What this learning objective is really asking you to learn
This objective asks students to connect three ideas that are often taught separately: expressions, equations, and graphs. A quadratic expression such as \(x^2 - 5x + 6\) can define a function: \(f(x) = x^2 - 5x + 6\). The zeros of the function are the input values that make the output equal to zero. Graphically, they are the x-intercepts of the parabola. Algebraically, they are the solutions to \(x^2 - 5x + 6 = 0\). Factoring rewrites the expression as \((x - 2)(x - 3)\), which makes the zeros visible: \(x = 2\) and \(x = 3\).
The word reveal is the heart of the objective. The zeros were already part of the function when it was written in standard form. Factoring did not create them. Factoring exposed them. This is why equivalent forms matter. Standard form may make the y-intercept easy to see. Vertex form may make the maximum or minimum easy to see. Factored form makes zeros easy to see. A mathematically mature student chooses the form that answers the question.
Zeros matter because zero often represents a boundary or event. In projectile motion, height zero can mean the object is on the ground. In business, profit zero can mean break-even. In geometry, area zero can mean a collapsed dimension or boundary case. In science, zero can mean neutral charge, zero velocity, no remaining concentration, or a transition point. In graphing, zeros mark where a function changes sign or crosses the x-axis. Finding zeros is not a school-only exercise. It is how people locate important thresholds.

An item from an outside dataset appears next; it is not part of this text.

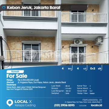Bebas Banjir, Jalan Lebar 3 Mobil, Estimasi Bangunan Siap Huni Tanggal 30 Oktober 2025 For Sale - Jual Rumah Angsana Raya, Duri Kepa, Kebon Jeruk, Jakarta Barat Harga. Rp 235000xxxxJual) Deskripsi Properti. Bebas Banjir, Jalan Lebar 3 Mobil, Estimasi Bangunan Siap Huni Tanggal 30 Oktober 2025 Luas Tanah. 68 m2 Dimensi. 3.7x18.3 Luas Bangunan. 183 m2 Sertipikat. SHM Kamar Tidur. 4 Kamar Mandi. 4 Garasi Mobil. 0+2 Hadap / View. Selatan LOCAL X Kelapa Gading ******** ⓪②① ②⑨⓪⑥ ⑧⑤⑨⑤ P3KPG-0000xxxx-JW-J

Factoring a quadratic means rewriting it as a product of two linear factors, sometimes with a leading coefficient. For example, \(x^2 + 7x + 12\) factors as \((x + 3)(x + 4)\). The zero product property says that if a product equals zero, at least one factor must equal zero. So \((x + 3)(x + 4) = 0\) gives \(x + 3 = 0\) or \(x + 4 = 0\), which gives \(x = -3\) or \(x = -4\). The function has zeros at -3 and -4.
This objective does not say that every quadratic factors nicely over the integers. Some quadratics are not factorable by simple integer methods. Math II includes other methods: completing the square and the quadratic formula. But when factoring is available, it is often the most revealing method. It is fast, exact, and deeply connected to graph interpretation.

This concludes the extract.